It's an odd year.
As always, Passover and Easter are close on each others' heels, and conversations about keeping Kosher and fasting on Good Friday have hit the blogosphere right on schedule. Yet it seems this year nobody's actually doing any observing. It's a killer week in the semester--midterms to take, midterms to grade, degree qualifying exams, theses all but due. I have a friend who's intensely dieting and can't afford to cut anything more out of her daily caloric intake. Myself, I'm coming down with something and, while I'm abstaining from the chicken soup, I'm still going to stuff myself with everything else my body needs to fight off the ick.

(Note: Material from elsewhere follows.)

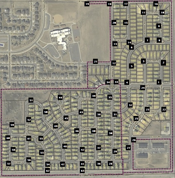 The map below shows the locations of the 60 street lights throughout the Potomac Farms neighborhood. The street lights are maintained by United Power. To submit a request to United Power to repair a street light or replace a light bulbs, click on the link below.
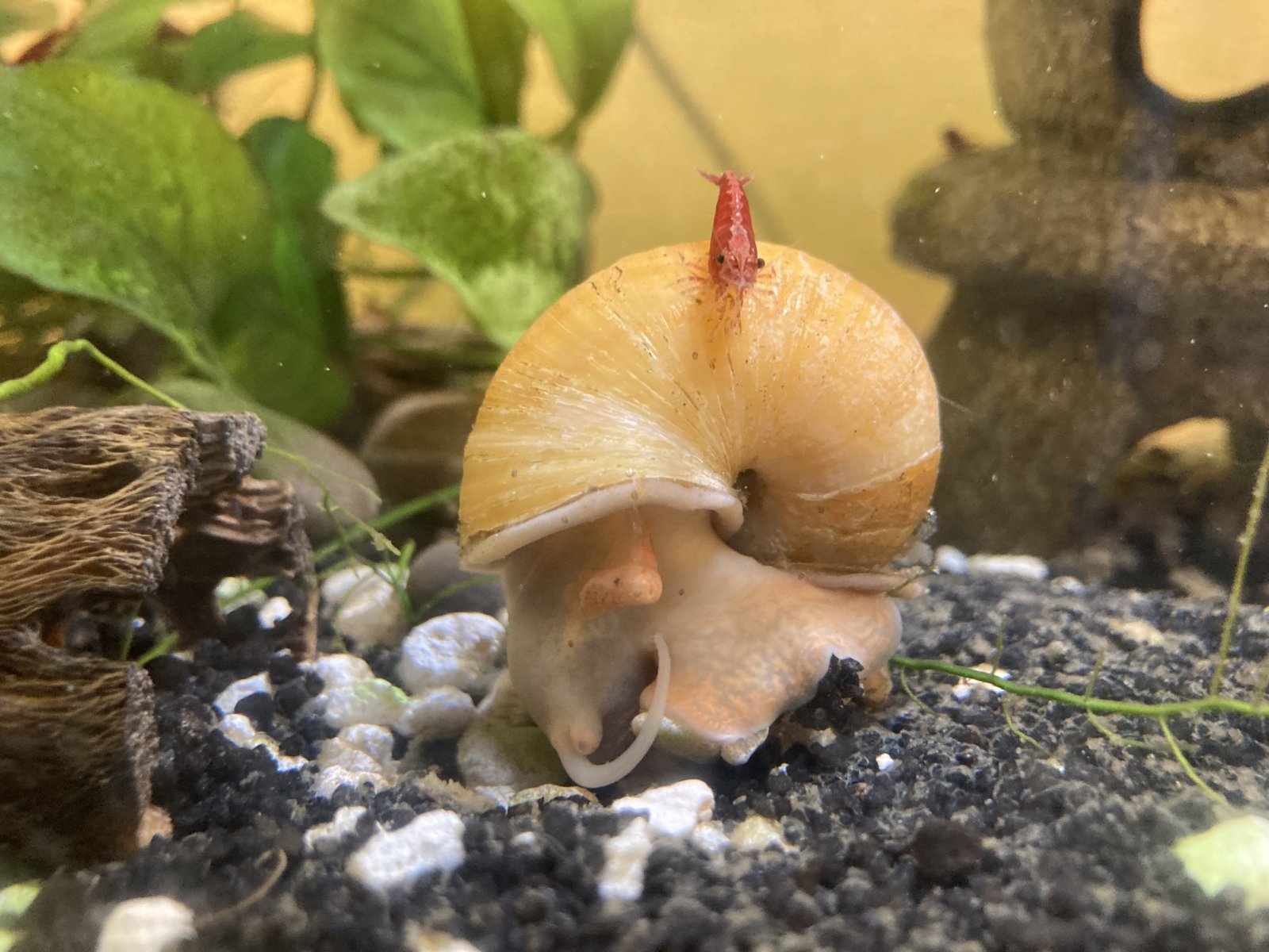gwand said: I have a similar pic with one of my neocardinia and a mystery snail. View attachment 377243 Click to expand... dang that is a good photo!!

My first reaction to all this would be to observe that fasting and keeping Kosher are ways of making us very aware of what we eat and grateful for it, and making us slow down and reflect on, to put it the clichéd way, the important things in life, putting everything else into perspective. What are we missing by saying that our diet, our schoolwork, our common colds, are excuses not to do these things? Aren't they those less-important-things-in-life that a day of fasting is supposed to remind us are less important to begin with? The ritual of fasting, like any other ritual (see sociologists Victor Turner and Mary Douglas), is supposed to change the state of our being in some way. We're refusing to be changed this year.
But on the other hand, the number of reflective conversations I've had with (myself and) other non-observers might indicate the contrary. We're all clearly thinking about fasting, food, tradition, reflection, and what's important in our lives. The awareness is still there, precisely because of the fact that we're making the decision to still eat leavened bread or food on Friday. Maybe in some way not participating in a ritual that we know exists is a ritual in itself.